◆ WHAT YOU WILL DO
Images don't belong in the copy. Output the rest of the data exactly.

◆ INPUT
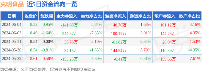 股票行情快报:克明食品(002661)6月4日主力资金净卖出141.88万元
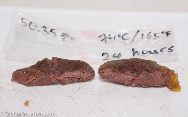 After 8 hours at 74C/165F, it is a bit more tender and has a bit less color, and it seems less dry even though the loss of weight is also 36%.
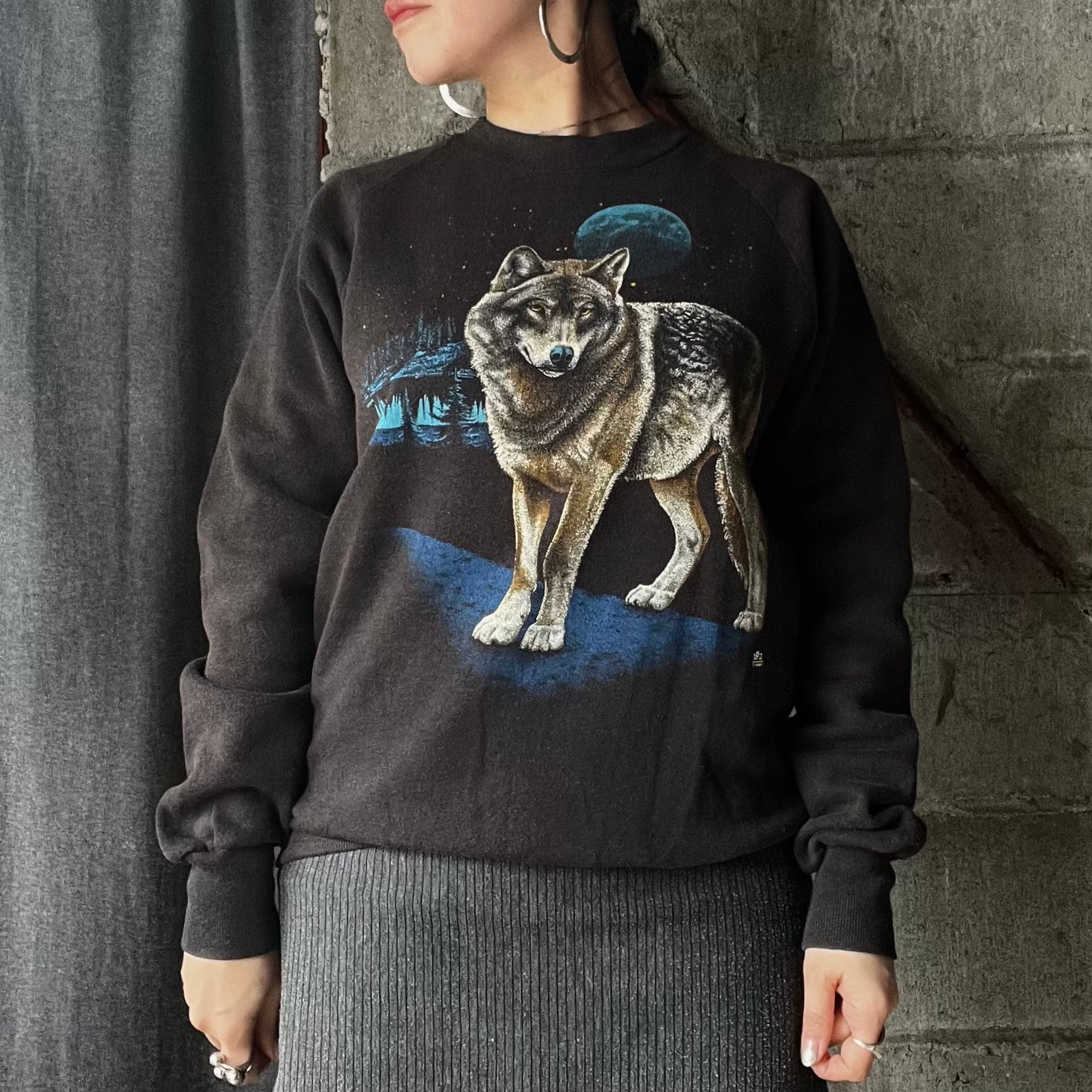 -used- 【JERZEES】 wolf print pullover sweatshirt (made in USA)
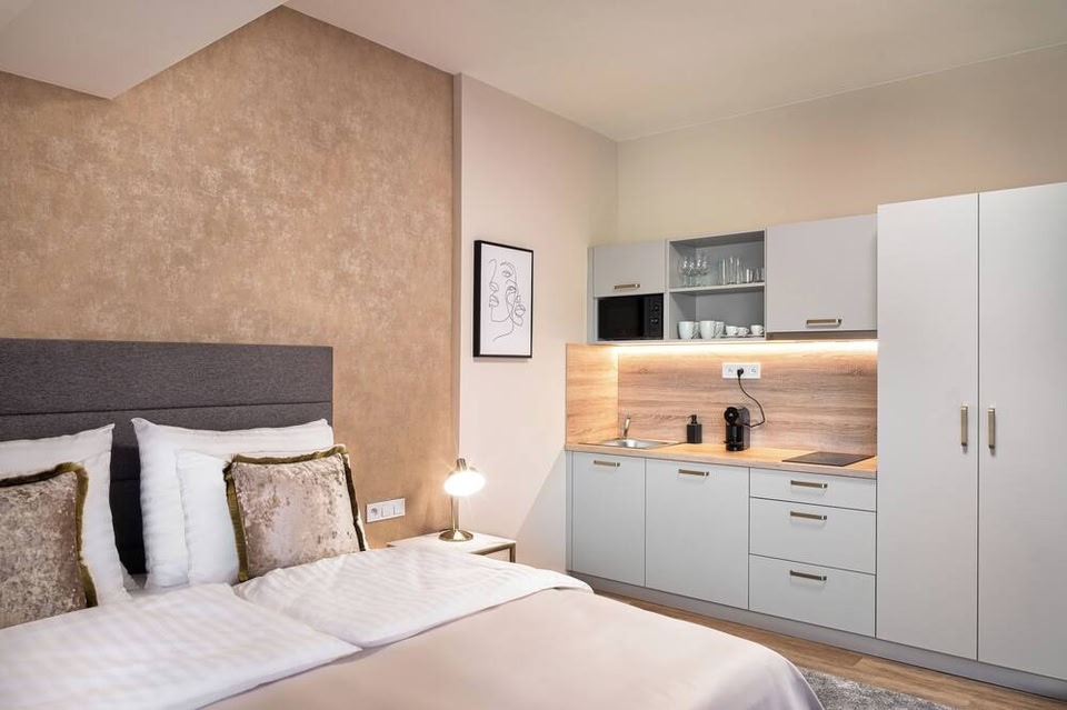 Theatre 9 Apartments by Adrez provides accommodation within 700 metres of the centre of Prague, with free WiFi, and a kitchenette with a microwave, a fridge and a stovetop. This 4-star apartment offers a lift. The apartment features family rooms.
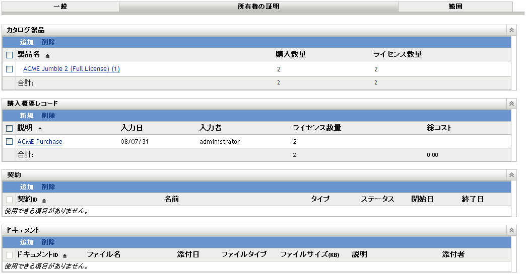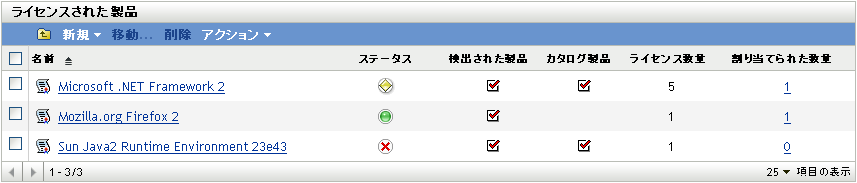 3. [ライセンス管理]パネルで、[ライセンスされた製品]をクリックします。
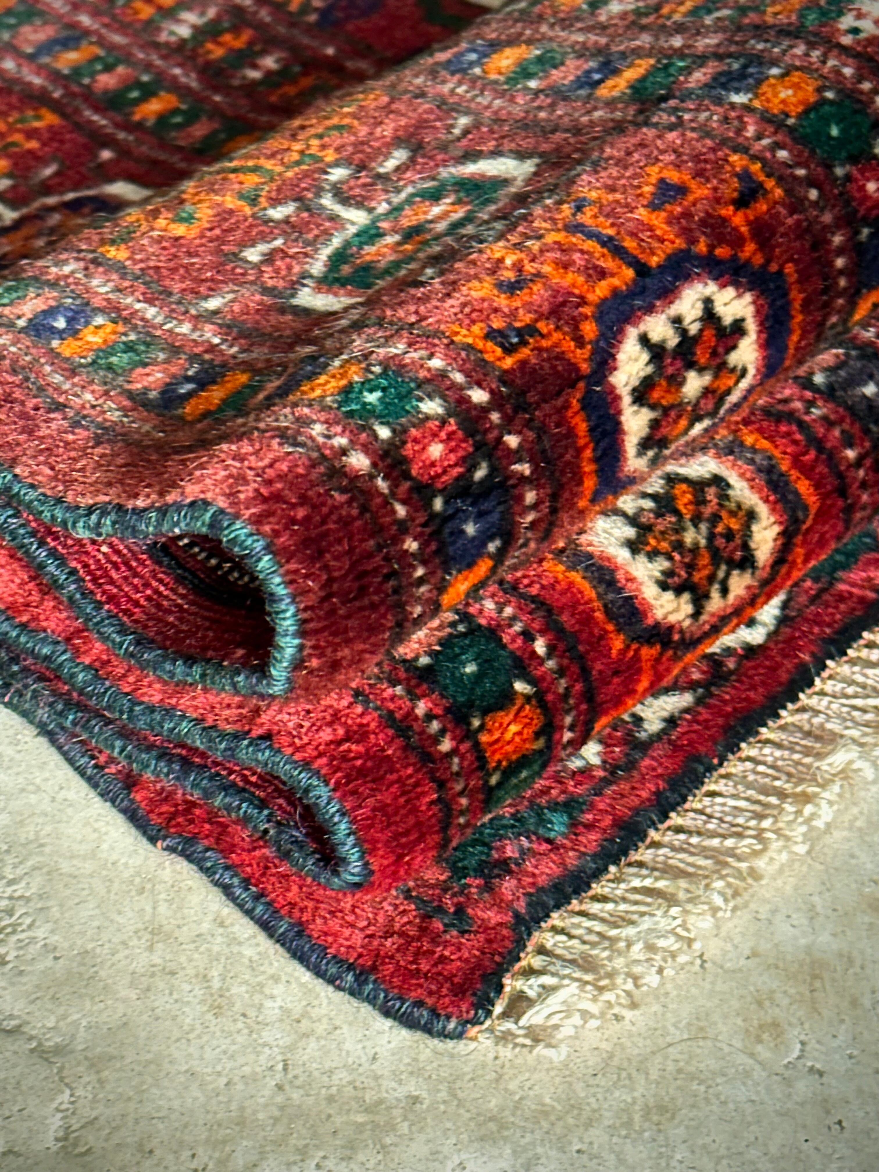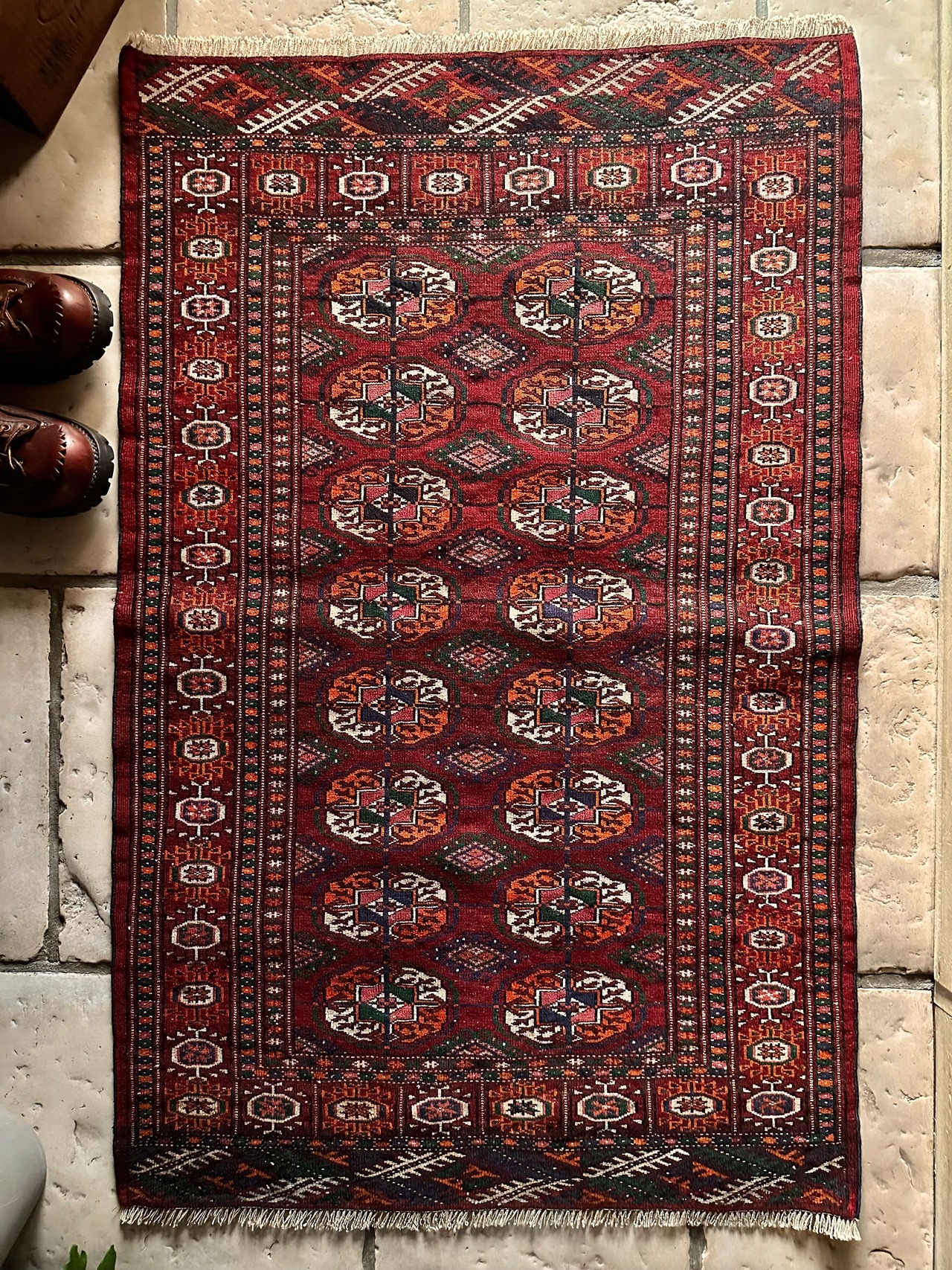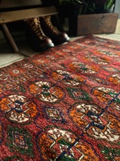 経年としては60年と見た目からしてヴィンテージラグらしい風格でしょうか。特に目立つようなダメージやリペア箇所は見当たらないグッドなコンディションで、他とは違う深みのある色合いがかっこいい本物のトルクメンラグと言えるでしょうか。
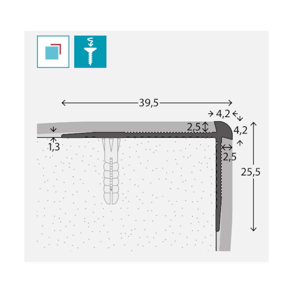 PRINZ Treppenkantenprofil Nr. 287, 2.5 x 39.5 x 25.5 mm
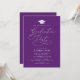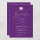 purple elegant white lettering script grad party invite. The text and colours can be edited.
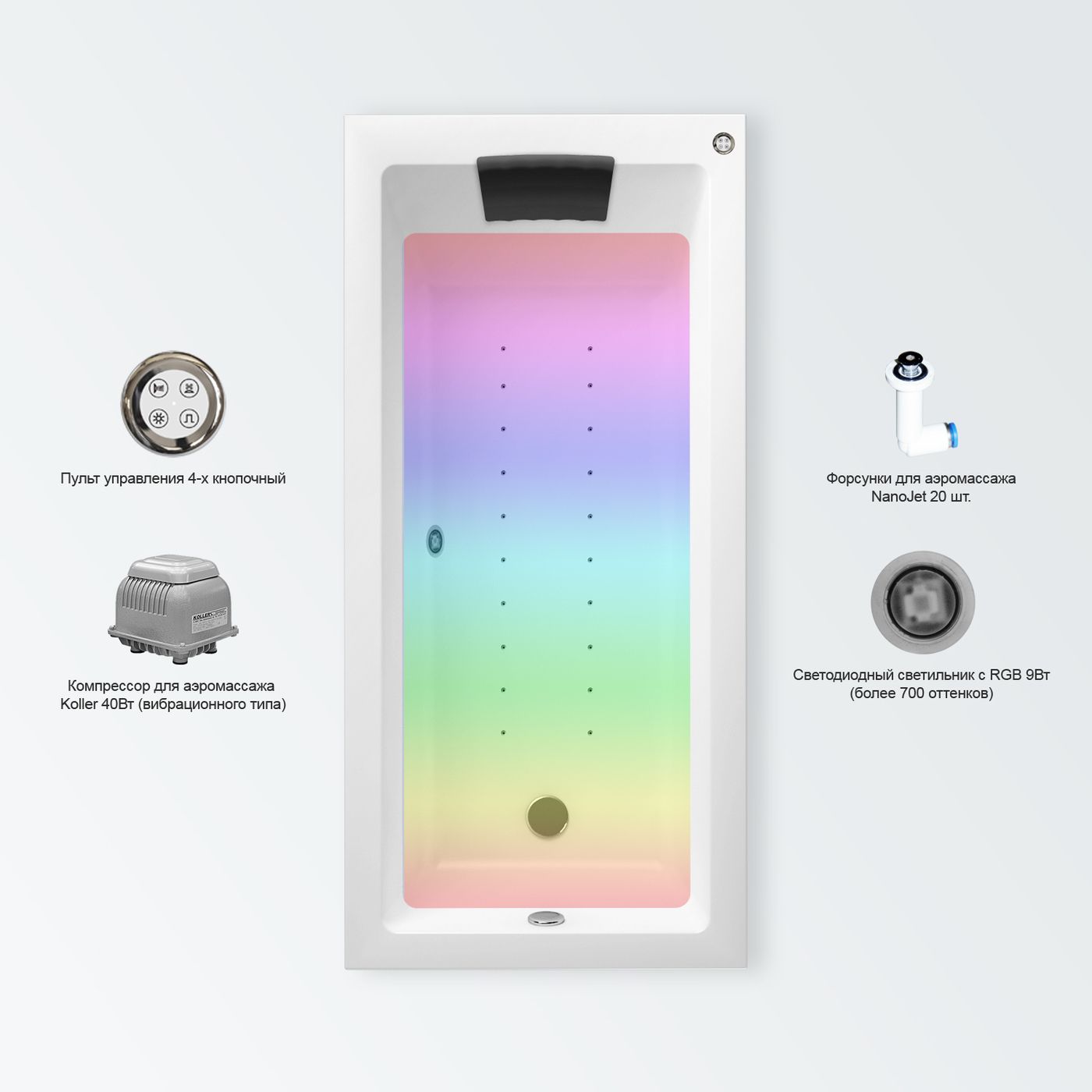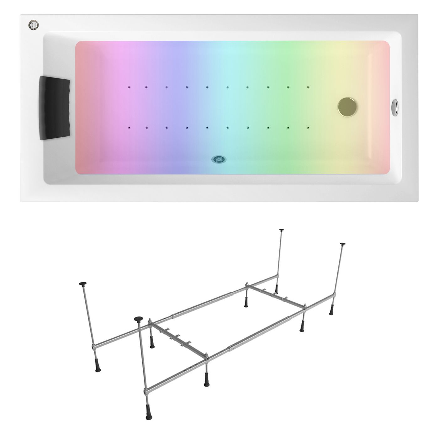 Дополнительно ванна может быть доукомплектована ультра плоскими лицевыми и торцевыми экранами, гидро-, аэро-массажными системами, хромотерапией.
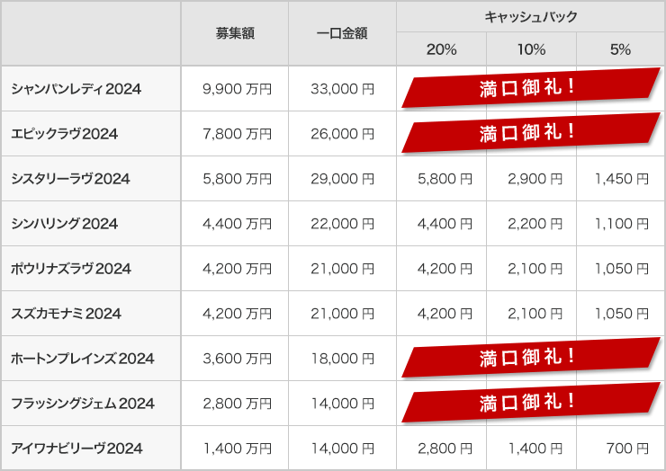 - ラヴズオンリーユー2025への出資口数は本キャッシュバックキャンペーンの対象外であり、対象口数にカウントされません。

◆ RESPONSE AREA
 股票行情快报:克明食品(002661)6月4日主力资金净卖出141.88万元
 After 8 hours at 74C/165F, it is a bit more tender and has a bit less color, and it seems less dry even though the loss of weight is also 36%.
 -used- 【JERZEES】 wolf print pullover sweatshirt (made in USA)
 Theatre 9 Apartments by Adrez provides accommodation within 700 metres of the centre of Prague, with free WiFi, and a kitchenette with a microwave, a fridge and a stovetop. This 4-star apartment offers a lift. The apartment features family rooms.
 3. [ライセンス管理]パネルで、[ライセンスされた製品]をクリックします。
 経年としては60年と見た目からしてヴィンテージラグらしい風格でしょうか。特に目立つようなダメージやリペア箇所は見当たらないグッドなコンディションで、他とは違う深みのある色合いがかっこいい本物のトルクメンラグと言えるでしょうか。
 PRINZ Treppenkantenprofil Nr. 287, 2.5 x 39.5 x 25.5 mm
 purple elegant white lettering script grad party invite. The text and colours can be edited.
 Дополнительно ванна может быть доукомплектована ультра плоскими лицевыми и торцевыми экранами, гидро-, аэро-массажными системами, хромотерапией.
 - ラヴズオンリーユー2025への出資口数は本キャッシュバックキャンペーンの対象外であり、対象口数にカウントされません。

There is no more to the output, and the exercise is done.